The legend of Margaret Gorman, the first Miss America, started to be written the day she learned she was bound for Atlantic City.

As the story goes, a Washington Herald reporter went to the Gorman family’s Georgetown home in August 1921 to announce that Margaret had been selected as D.C.’s emissary to the first-ever “Inter-City Beauty Contest.” But he couldn’t find her at home: Margaret — this “practically perfect” 16-year-old with a “wreath of natural golden hair” and eyes “of a rare deep blue” — was out in the yard, shooting marbles in the dirt with the neighborhood kids.

“Above all,” the Herald rhapsodized, “she is modest and unassuming.”

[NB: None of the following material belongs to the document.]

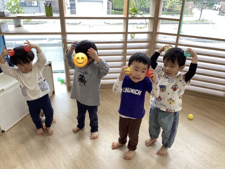 ボールをほっぺにつけて「アンパンマン!」頭につけて「みっきー!」となりきりごっこをしていました。かわいいですね🥰

“Modest” was a funny way to describe a teenager confident enough of her charms to enter several beauty contests that summer. (Weeks earlier, she had been judged the most beautiful girl in town by the rival Washington Post in a separate citywide photo contest.) But it captured something about Margaret’s appeal — and in turn, so much about the impossible ideals upheld by this fledgling pageant not yet known as Miss America, where for the next century young women would try to prove themselves the loveliest, the sweetest, the most talented … yet also the most natural, the most down-to-earth, the most themselves. Where it would become imperative not to seem to try so hard — even though, obviously, they were.

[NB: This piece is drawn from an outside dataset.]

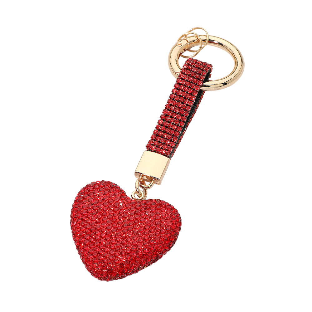 Details • Size : 5.3" L, 1.8" X 3.8" • Heart-shaped rhinestone keychain designed to add a bold, stylish accent to keys, handbags, backpacks, and accessories. Features a sparkling charm with a sleek strap detail, making it ideal for boutiques, gifts, party favors, and trendy everyday add-ons customers love. • Lead and Nickel Compliant

Miss America is celebrating its 100th anniversary as a shadow of its former self, plagued by infighting, litigation, a damaging email scandal and slow-burning financial challenges.

A praised but polarizing decision to jettison its famed swimsuit competition in 2018 triggered an identity contest for the pageant, while doing nothing to stem a long exodus of sponsors and viewers. The number of women who enter the pipeline of state and local pageants in hopes of winning the national crown has plummeted over a generation.